Os jovens identificados no estudo como vulneráveis são aqueles que, além de enfrentarem dificuldades financeiras, não completaram a educação básica, tendo no máximo terminado o ensino fundamental. A situação se agrava ao observar que 57% desses jovens relatam que os rendimentos oriundos do trabalho são insuficientes para cobrir as despesas mensais. Ademais, apenas 24,8% continuam seus estudos, enquanto dois em cada dez não se encontram nem na escola e nem no mercado de trabalho. A taxa de desemprego entre essa população é alarmante, com 30% afirmando estar fora do mercado de trabalho.
Os problemas enfrentados por esses jovens vão além do desemprego, abrangendo questões de saúde mental. O estudo revela que muitos lidam com depressão e o uso problemático de substâncias. Aproximadamente 30% dos jovens admitiram que não conseguem controlar o consumo de álcool, cigarro ou outras drogas. Essa situação de vulnerabilidade é refletida em aspectos cotidianos como a precariedade habitacional, a interrupção da educação e a dependência de trabalhos informais.
Adicionalmente, os dados mostram que, entre os que estão empregados, apenas 15% ocupam postos de trabalho formal. A maioria (76%) está inserida em atividades informais, como comércio e prestação de serviços, prevalecendo empregos pouco qualificados. Essa realidade também se divide entre gêneros e regiões, com uma taxa de emprego mais alta entre homens e na área Metropolitana de Buenos Aires.

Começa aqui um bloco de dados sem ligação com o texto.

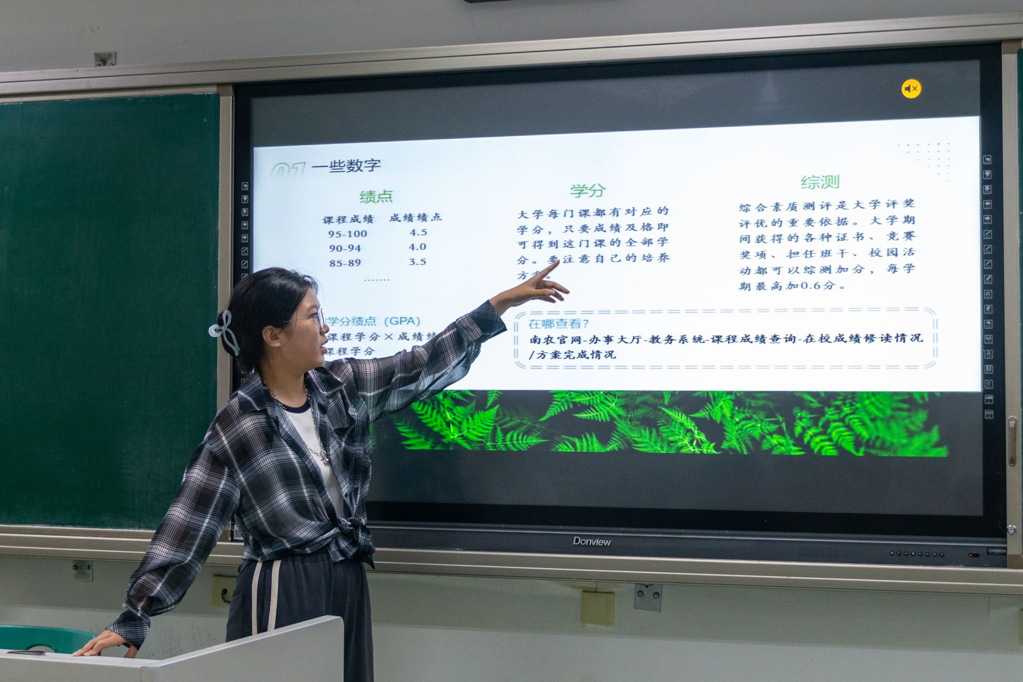 在升学指导方面,罗仁杰、陈可馨、周沁霏、赵静雅分享了保研政策、考研准备、出国留学以及海外交流项目的经验,为新生的学业规划提供了有益参考。与此同时,许可、董彦滨、陈静萱、吴汶罡结合自身经历,传授了高效学习技巧、课程应对策略和时间管理方法,助力新生打牢学业基础。除此之外,王静如、李秉璋、毕肇轩介绍了南京的文化特色与生活攻略,并分享了校园生活实用小贴士,让新生更快适应学习与生活。最后,冯俣顺、沈一坤、申强、许腾月带来社团与学生会的相关介绍,鼓励大家在学业之余积极参与活动,拓展兴趣、锻炼能力。

No que se refere à saúde, 78% dos jovens não têm acesso a planos de saúde, dependendo exclusivamente dos serviços públicos, além de 40% relata viver em áreas consideradas inseguras. A saúde mental dos jovens é um ponto crítico: mais de 70% manifestaram problemas frequentes de nervosismo ou ansiedade, enquanto mais da metade mencionou sentir apatia ou depressão.

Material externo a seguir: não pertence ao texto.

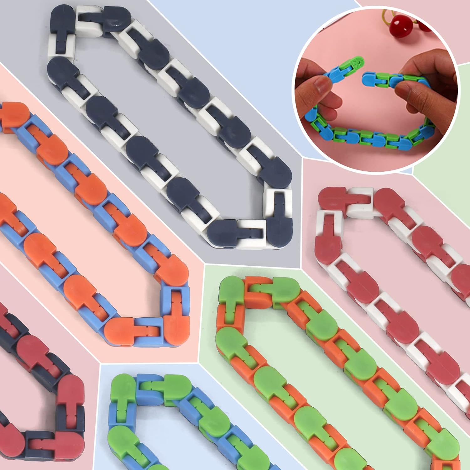 30 Pack Wacky Tracks Snap and Click Fidget Toys Finger Sensory Toys, 24 Links Snake Puzzles for Stress Relief, Party Bag Fillers, Party Supplies

Por fim, a pesquisa aponta que 66% dos jovens busca informações sobre assuntos atuais nas redes sociais, com Instagram e Facebook se destacando como fontes preferidas. O estudo destaca que níveis mais altos de escolaridade estão associados ao uso intenso do Instagram e a uma diversificação nas fontes de informação, enquanto os jovens com menor escolaridade tendem a confiar mais em mídias tradicionais, como a televisão. Essa realidade multifacetada ressalta a urgente necessidade de políticas públicas dirigidas à melhoria das condições de vida da juventude argentina.